Greece’s central bank head urged the country’s government to keep the country in the euro on Tuesday and not waste the “huge sacrifices” its population has made in recent years.
Yannis Stournaras said an agreement between Athens and its creditors from the eurozone and International Monetary Fund to keep the country afloat was “not far away.”
The leaders of Germany, France, the International Monetary Fund, European Commission and European Central Bank agreed late on Monday to work with “real intensity” to clinch an agreement, but questions remain whether Greece’s government will meet the demands being made of it by its lenders.

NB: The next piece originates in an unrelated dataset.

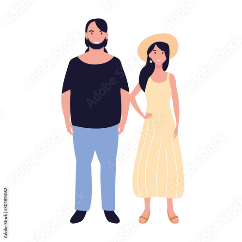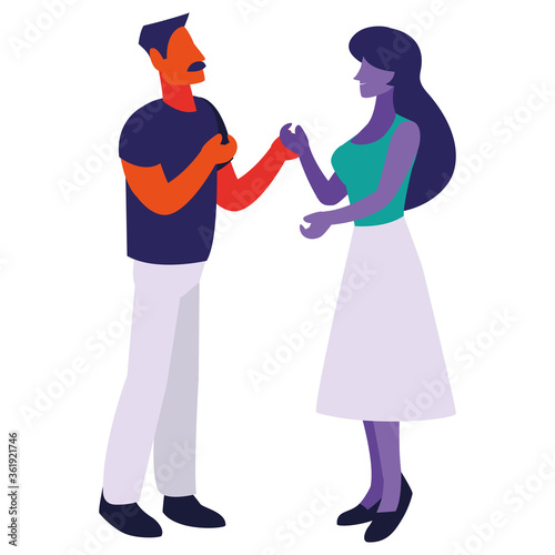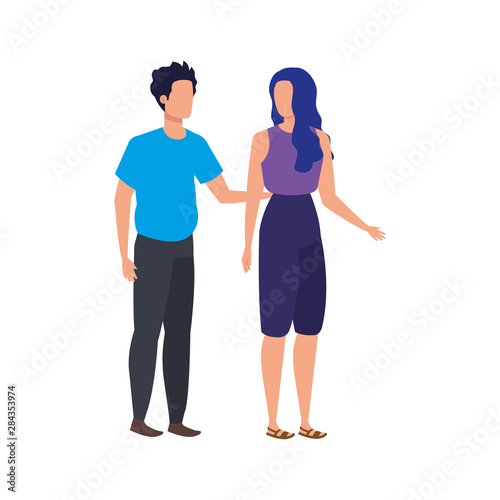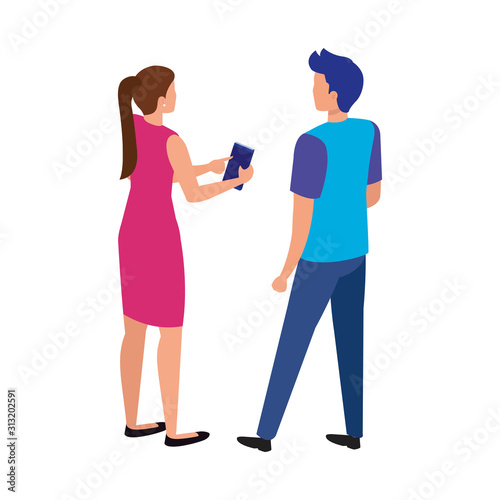 Парень, снимающий девушку с помощью мобильной камеры, векторный значок, изолированный на белом фоне

“Nobody has a mandate to take the country out of the euro.. so I am very optimistic that a Grexit will not occur,” Stournaras said during a panel discussion at an event organized by think-tank Chatham House.
He added that recent polls showed that 80 percent of Greeks wanted to stay in the euro zone and 65 percent of those surveyed were willing to make further sacrifices to do so.
“We need a political system which will take responsibility and to respect the sacrifices by the people that have been made up to now,” Stournaras added.
“Decreases of living standards in the order of 35 percent are very unusual for an OECD country so this was a huge sacrifice of the Greek people, to make Greece viable and stay in the euro. So I think the political system should respect this.”
In order for a deal to be clinched though he said both sides needed to find a “fair compromise”.
“I think the main catalyst (for a compromise) is to aim for a more reasonable primary surplus in the future, and in exchange for this more structural changes,” Stournaras said.
“Greece does not need any more tax rises – but there are still many exceptions in Greece both in the tax sphere and in the social security.”
“By eliminating these exceptions, which by the way do not benefit the less privileged people, we can have a compromise. In my view, the compromise is not far away,” he added.